Assume I’m an IPv4 host. If I have an address of 10.1.1.1, and I’m trying to send a packet to 10.1.1.54, do I send the packet to my default gateway (the first hop router), or do I try to build a MAC header and send it directly to the host itself? If I think the destination is “off link,” then I’ll send it to the default gateway, and if I think it’s “on link,” I’ll send it directly to the destination. How do I know the difference?
If you don’t know the answer, you shouldn’t be calling yourself a network engineer — but for review… I use either the subnet mask or the length to decide. Let’s assume I want to use the prefix length (since I’m not an old fashioned person who uses the subnet mask!). I count off the number of bits indicated in the prefix length of the interface on which I intend to send the packet, and change the rest of the bits in both addresses to 0′s. I compare the two modified addresses (really the two network addresses at this point). If they are the same, the destination is on link. If they are different, the destination is off link.
As you might have guessed by now, IPv6 doesn’t do this. Instead, IPv6 has an actual list (database) of hosts which are considered “on link.” All other hosts are considered off link; traffic to hosts not in the “on link” database is automatically sent to the default gateway for forwarding. The practical implication here is that the address given to a pair of hosts doesn’t have anything to do with the way traffic is forwarded between them. You can have two hosts, 2001:DB8::1:1/112 and 2001:DB8::2:1/112, that are on the same local network, and you could have two others, 2001:DB8::1:1/112 and 2001:DB8::1:2/112, that are not.

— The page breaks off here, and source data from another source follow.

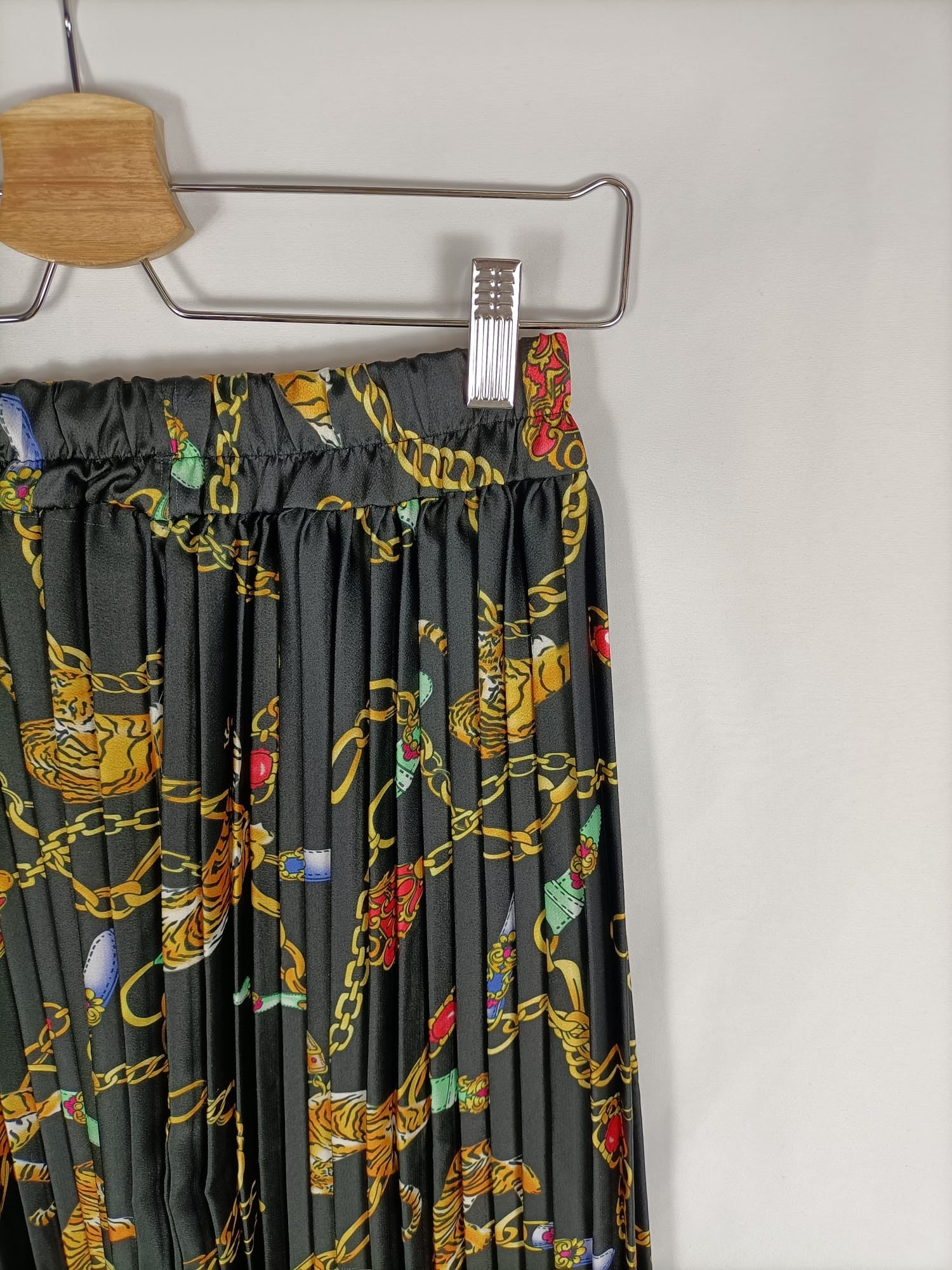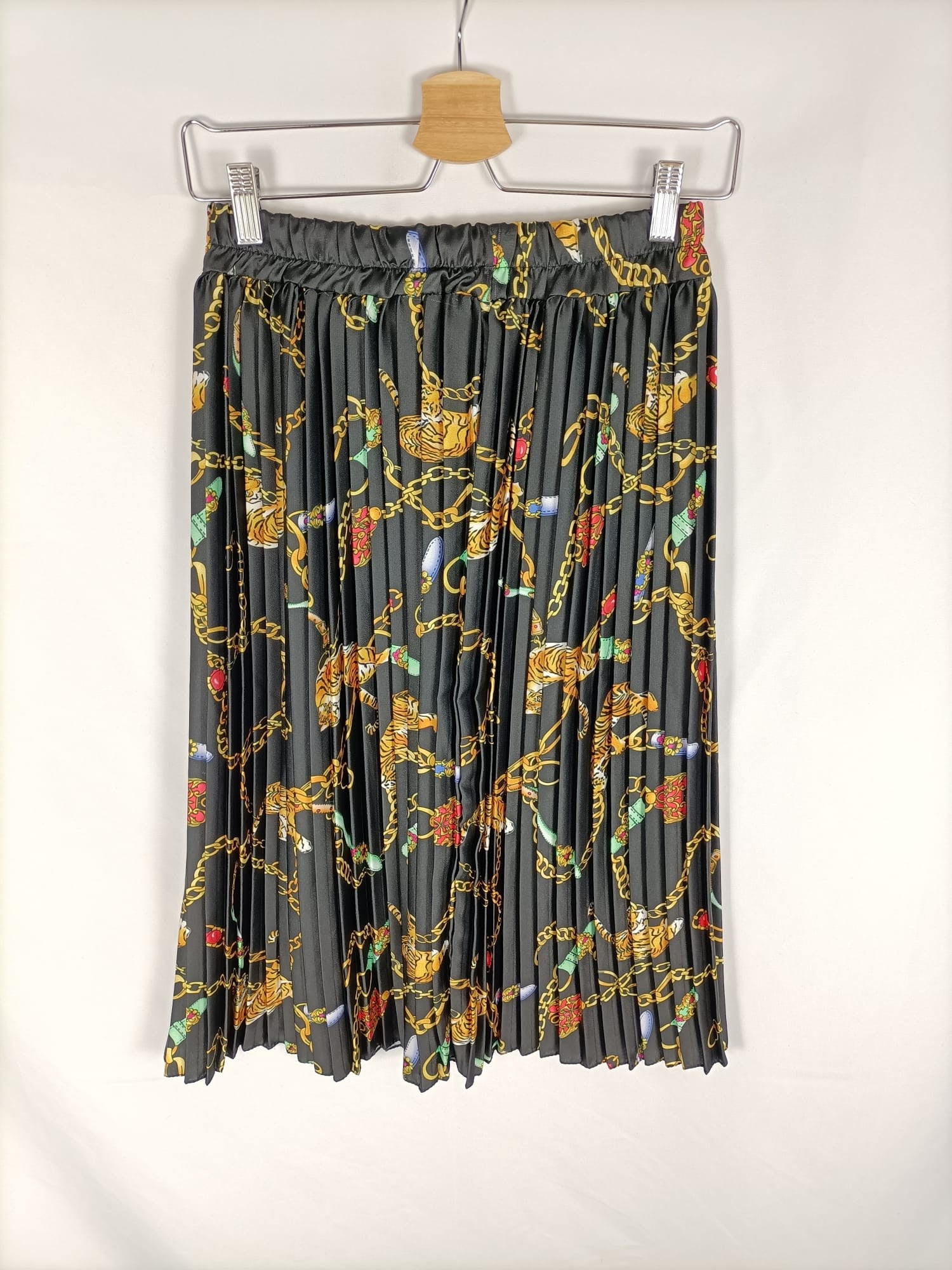 Otras.TU (S/M). Falda midi plisada negra con estampado de tigres y joyas. Cintura elástica. Largo 72 cm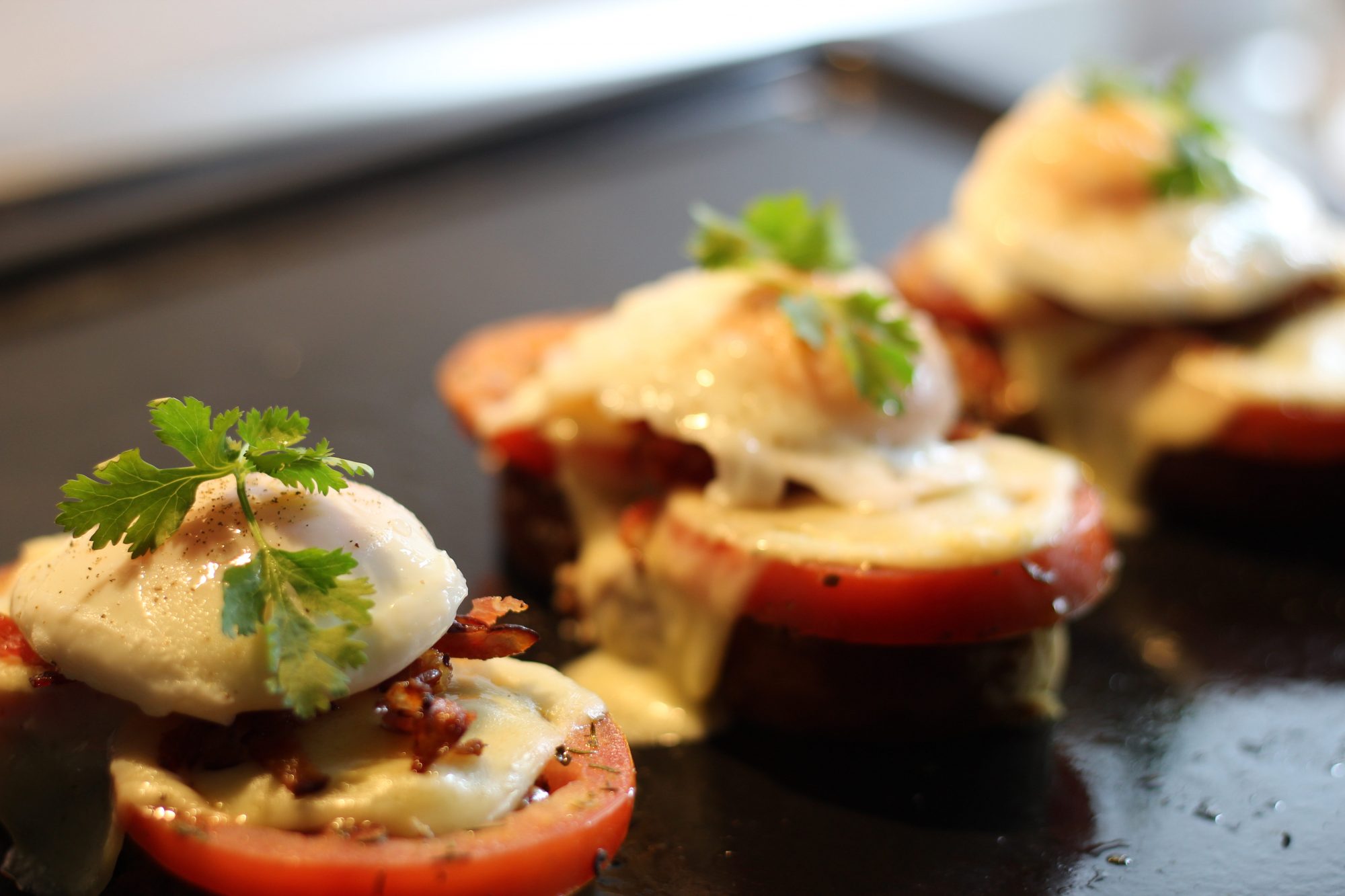 Sobre el pan coloca dos rodajas de tomate, luego el queso mozzarella o el de tu preferencia. Llevalo al horno tostador hasta que el queso se derrita. Ahora, haz un pequeño nido en el centro con la tocineta dorada y termina con el huevo pochado justo encima.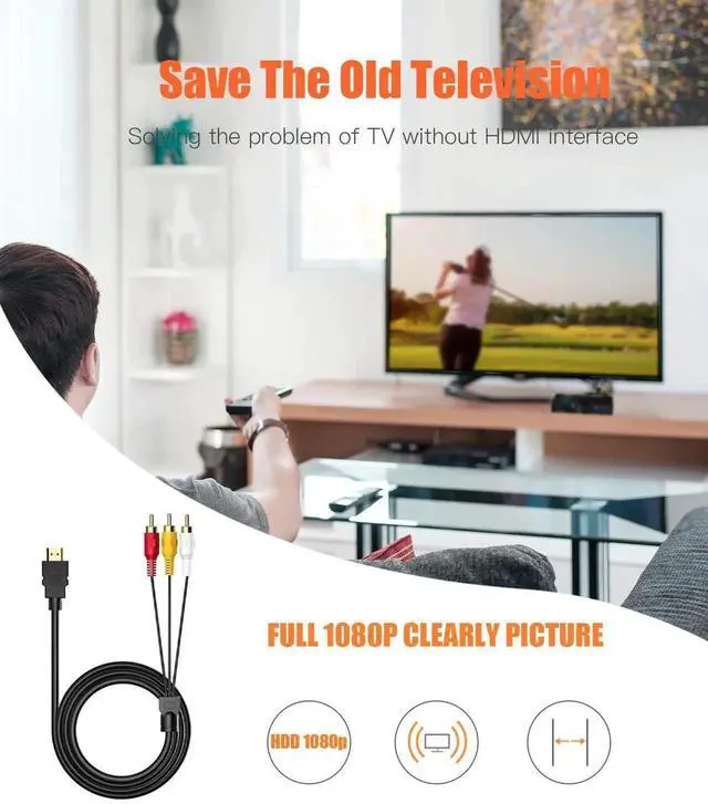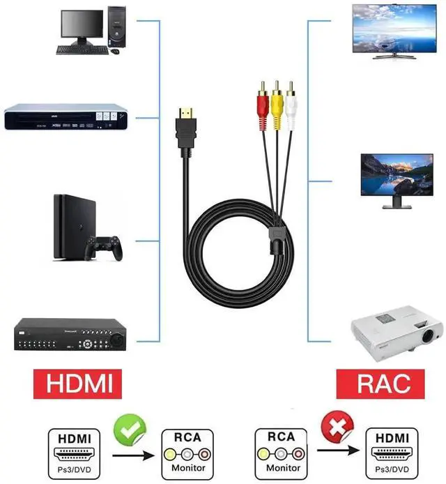 This 5ft HDMI to 3-RCA cable is designed for connecting HDMI-output devices to RCA AV equipment. It features gold-plated connectors to ensure stable audio and video transmission. Please note this cable does not convert digital to analog signal on its own and only works with devices that support direct signal transfer. Ideal for home theater setups, DVD players, TVs, and projectors.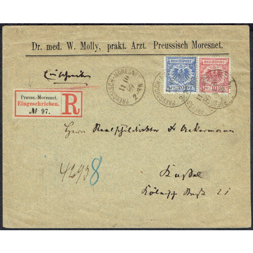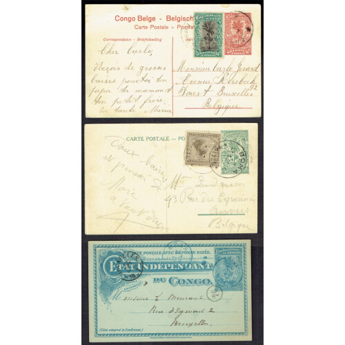 Group of covers including 1896 15c blue P/S Reply card used to Brussels with reply side unused and attached, early used postcard of Ponthierville 10c P/S card uprated to Brussels, 1930 45c P/S postcard of Artillery forces uprated to Anvers, 1948 combn cvr to Switzerland with 8 defins tied KOLWEZI cds's. Nice group (4).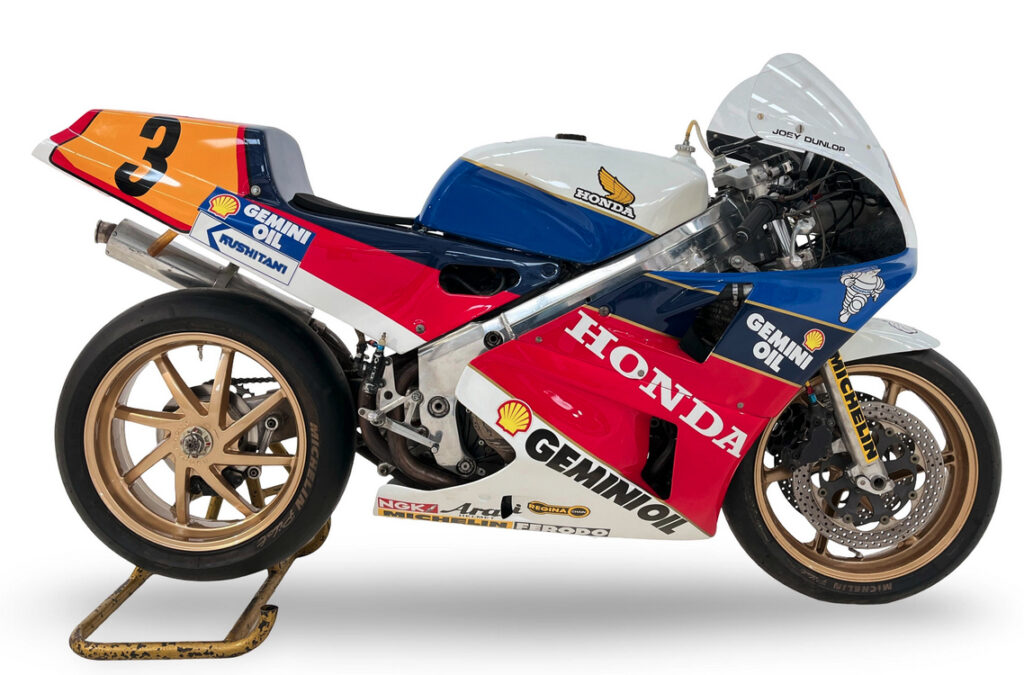 As duas motos Honda V4 ex-Joey Dunlop, ambas vencedoras de corridas, foram arrematadas por um total de 224.250 libras (quase 258.000 Euros) após terem sido leiloadas no dia 12 de outubro, num leilão realizado pela Bonhams Cars.
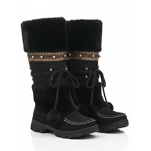 Damen-Winterstiefel aus Kunstpelz – warme Schneestiefel mit Bommel und verziertem Design für die Freizeit und den Outdoor-Bereich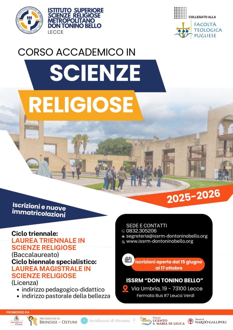Dal 1° settembre sono aperte le iscrizioni all’Istituto Superiore di Scienze Religiose Metropolitano “Don Tonino Bello” di Lecce, in vista dell’inizio del nuovo anno accademico fissato per il 6 ottobre 2025.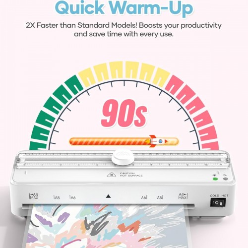 13in Laminator Machine with Paper Trimmer + 50pcs Sheets + Corner Rounder, Dual Hot/Cold Mode | Anti-Jam Technology | 90s Fast Preheat for A3/A4/A5/A6 Home Office School Use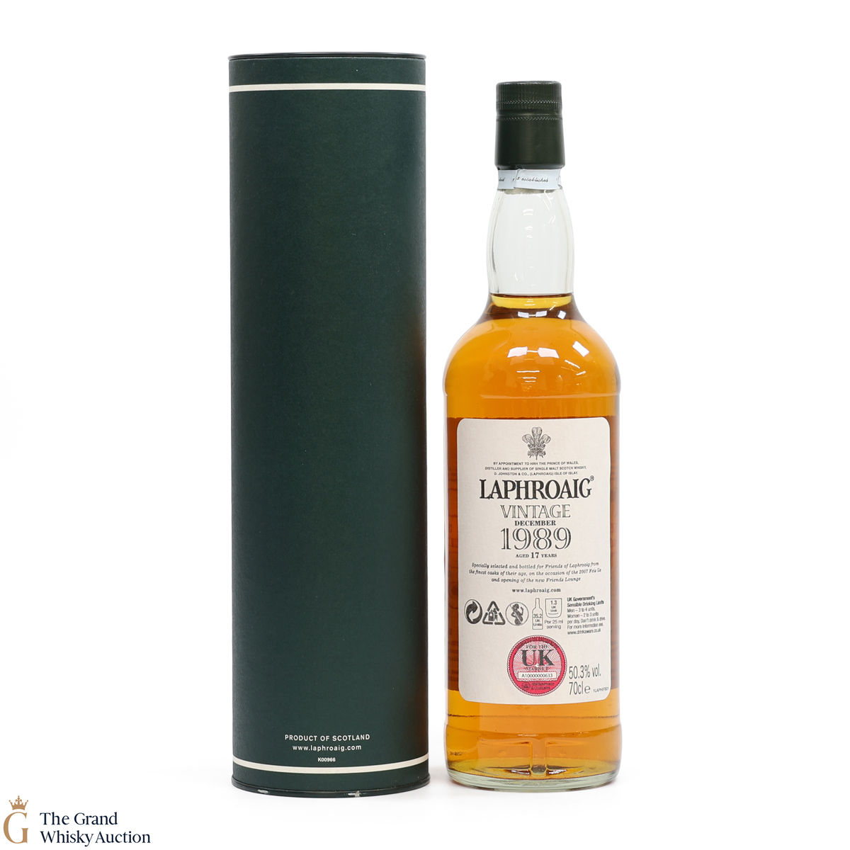 This is a 1989 vintage Laphroaig, bottled at 17 years of age. It was released for the Friends of Laphroaig for Feis Isle 2007 and to celebrate the opening of the 'Friends' lounge at the distillery.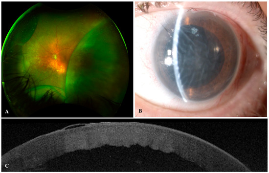Intraoperative complications included two cases of self-limited hyphema in both groups and a case of aqueous misdirection syndrome resolving with intravenous mannitol. Postoperative complications included one case of wound leak in the 45 µm device, treated with a contact lens. A dysesthetic bleb with secondary Dellen in the 63 µm group was noted, which underwent surgical revision, achieving a favorable postoperative outcome. A case of anterior segment syndrome (TASS), with IOP spike, Urretz–Zavalia syndrome, and corneal decompensation was reported in the 45 µm group. Eventually, the patient required Descemet stripping automated endothelial keratoplasty (DSAEK) and TBT, due to poor IOP control (Figure 4).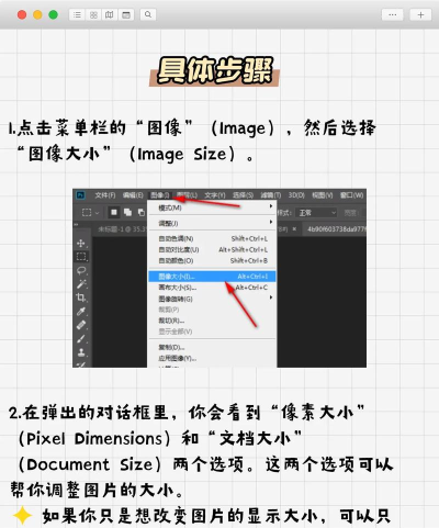 +Alt+Z(windows电脑Ctrl+Alt+Z),前进一步即是在撤销一步或几部后,返回之前未撤销的一步 图像菜单下有图像大小,画布大小等 画布大小:在我们新建文档时会弹出一个面板,面板里的宽度和高度即为画布的大小,可根据实际情...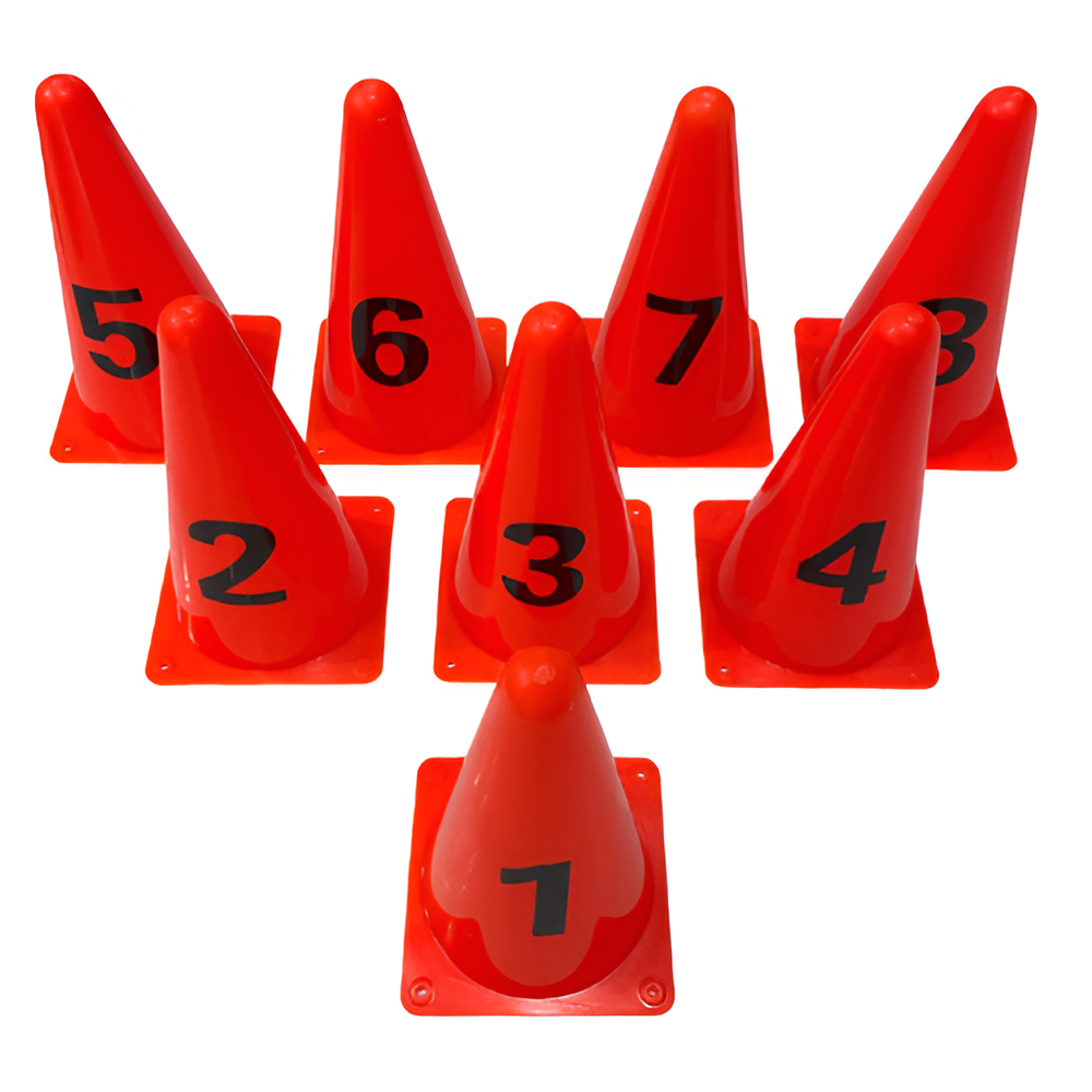 Cada embalagem contém 08 cones numerados, ideais para treinamentos e atividades esportivas.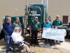 The current CEO, Kim Thomas Kuhnle, along with the former CEO Kim Taylor Kuhnle, Bob Russell (CFO), Tom Kuhnle, and Casey McNicholas from the Safety Department, were all on hand to present Roger with a special trophy with a bronze eagle and a huge check for $50,000! Roger was caught off guard and totally shocked. His reaction to the big check was priceless. After the trophy and check were given to Roger, special door stickers were placed on each side of his truck acknowledging his accomplishment of 50 years of safe driving.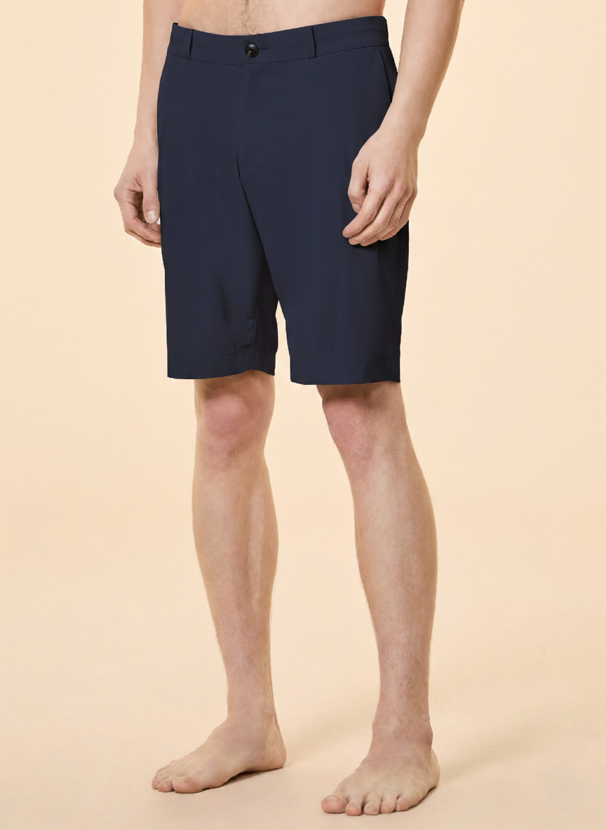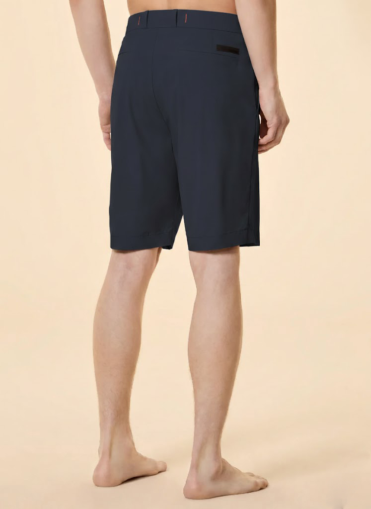 Ligeros, frescos y transpirables, estos shorts Bermuda ofrecen un estilo relajado y natural para el tiempo libre en la ciudad y los fines de semana junto al mar. El aspecto mate del exclusivo tejido elástico Montecristo realza el diseño esencial y minimalista del modelo. La cinturilla se ajusta mediante un práctico cordón interno con extremos de goma y se cierra con un botón de cuerno y una cremallera oculta. El interior revela el detalle de la banda estampada con el exclusivo monograma Razzle Dazzle tono sobre tono, lo que realza aún más la confección de la prenda. El modelo cuenta con bolsillos laterales inclinados y bolsillos de ribete traseros, rematados con un logo negro microinyectado a la derecha. Su tejido ligero, combinado con su tacto suave y propiedades de secado rápido, convierte a estos shorts en un imprescindible de la temporada. Perfectos para combinar con un polo o una camiseta de la colección, definen un look veraniego versátil y contemporáneo, listo para la acción.

How is this magical database of on link addresses built? There are three methods outlined in RFC5942:
- An address is included in the router advertisement with the L bit set
- Manual (or other) configuration
- A redirect from the default gateway
This last is probably the most common mechanism. A host will send any packet to a destination for which there is no “on link” database entry to the default gateway. If the destination is actually “on link,” the default gateway will forward the packet and then send a redirect to tell the sender that packets to this destination should be sent directly to the destination.
RFC5942 provides a good deal of text around the issues involved in the on link/off link determination, including some security pointers and other considerations. It’s well worth reading if you’re not familiar with this piece of IPv6′s operation.